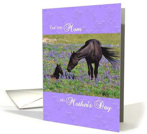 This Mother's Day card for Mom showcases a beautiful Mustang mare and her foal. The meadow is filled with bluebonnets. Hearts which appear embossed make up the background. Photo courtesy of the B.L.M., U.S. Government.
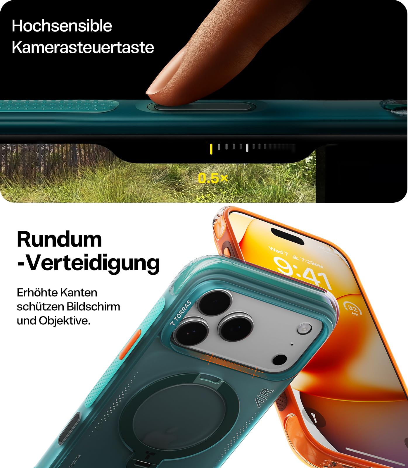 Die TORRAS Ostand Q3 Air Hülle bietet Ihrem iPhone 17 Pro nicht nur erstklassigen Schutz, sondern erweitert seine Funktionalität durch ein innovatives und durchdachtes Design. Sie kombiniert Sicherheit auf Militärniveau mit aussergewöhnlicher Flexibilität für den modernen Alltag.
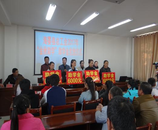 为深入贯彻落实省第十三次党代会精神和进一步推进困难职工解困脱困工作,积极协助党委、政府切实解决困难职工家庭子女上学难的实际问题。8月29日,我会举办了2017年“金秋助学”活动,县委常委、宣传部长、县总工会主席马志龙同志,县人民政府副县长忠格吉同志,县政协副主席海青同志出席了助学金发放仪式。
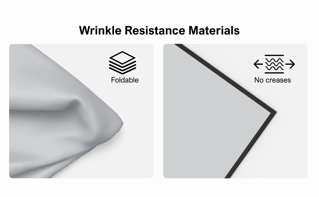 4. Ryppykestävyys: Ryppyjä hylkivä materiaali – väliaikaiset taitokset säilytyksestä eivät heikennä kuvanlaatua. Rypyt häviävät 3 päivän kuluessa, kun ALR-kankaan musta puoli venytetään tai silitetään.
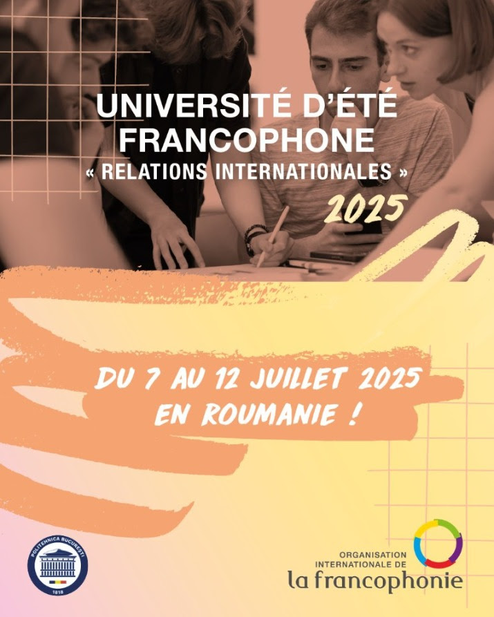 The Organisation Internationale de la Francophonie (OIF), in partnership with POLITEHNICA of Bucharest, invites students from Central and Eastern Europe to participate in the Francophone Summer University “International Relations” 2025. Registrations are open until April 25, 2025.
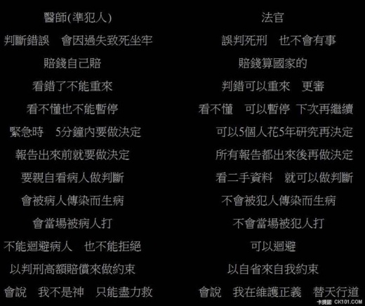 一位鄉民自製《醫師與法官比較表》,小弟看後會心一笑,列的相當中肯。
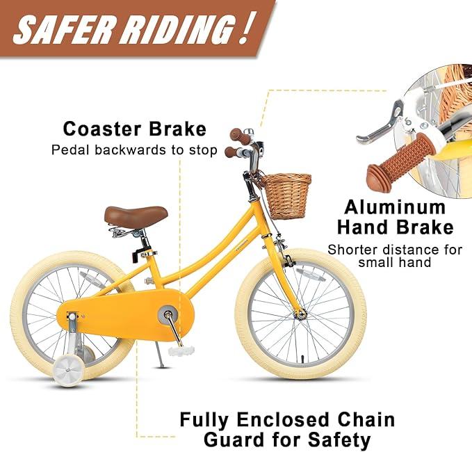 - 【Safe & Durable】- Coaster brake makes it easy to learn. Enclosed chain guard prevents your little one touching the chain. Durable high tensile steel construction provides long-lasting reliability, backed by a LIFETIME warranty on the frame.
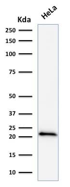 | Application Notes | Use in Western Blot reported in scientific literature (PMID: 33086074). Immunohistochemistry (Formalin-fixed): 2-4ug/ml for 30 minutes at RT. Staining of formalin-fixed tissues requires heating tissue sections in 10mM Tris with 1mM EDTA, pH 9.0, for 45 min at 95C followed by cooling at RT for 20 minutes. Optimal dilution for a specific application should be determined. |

> WORK ORDER:
Copy verbatim the span that opens at the line with "为深入贯彻落实省第十三次党代" and closes at the final line of the listing. Do not carry over any pictures.

> TASK RESULT:
 为深入贯彻落实省第十三次党代会精神和进一步推进困难职工解困脱困工作,积极协助党委、政府切实解决困难职工家庭子女上学难的实际问题。8月29日,我会举办了2017年“金秋助学”活动,县委常委、宣传部长、县总工会主席马志龙同志,县人民政府副县长忠格吉同志,县政协副主席海青同志出席了助学金发放仪式。
 4. Ryppykestävyys: Ryppyjä hylkivä materiaali – väliaikaiset taitokset säilytyksestä eivät heikennä kuvanlaatua. Rypyt häviävät 3 päivän kuluessa, kun ALR-kankaan musta puoli venytetään tai silitetään.
 The Organisation Internationale de la Francophonie (OIF), in partnership with POLITEHNICA of Bucharest, invites students from Central and Eastern Europe to participate in the Francophone Summer University “International Relations” 2025. Registrations are open until April 25, 2025.
 一位鄉民自製《醫師與法官比較表》,小弟看後會心一笑,列的相當中肯。
 - 【Safe & Durable】- Coaster brake makes it easy to learn. Enclosed chain guard prevents your little one touching the chain. Durable high tensile steel construction provides long-lasting reliability, backed by a LIFETIME warranty on the frame.
 | Application Notes | Use in Western Blot reported in scientific literature (PMID: 33086074). Immunohistochemistry (Formalin-fixed): 2-4ug/ml for 30 minutes at RT. Staining of formalin-fixed tissues requires heating tissue sections in 10mM Tris with 1mM EDTA, pH 9.0, for 45 min at 95C followed by cooling at RT for 20 minutes. Optimal dilution for a specific application should be determined. |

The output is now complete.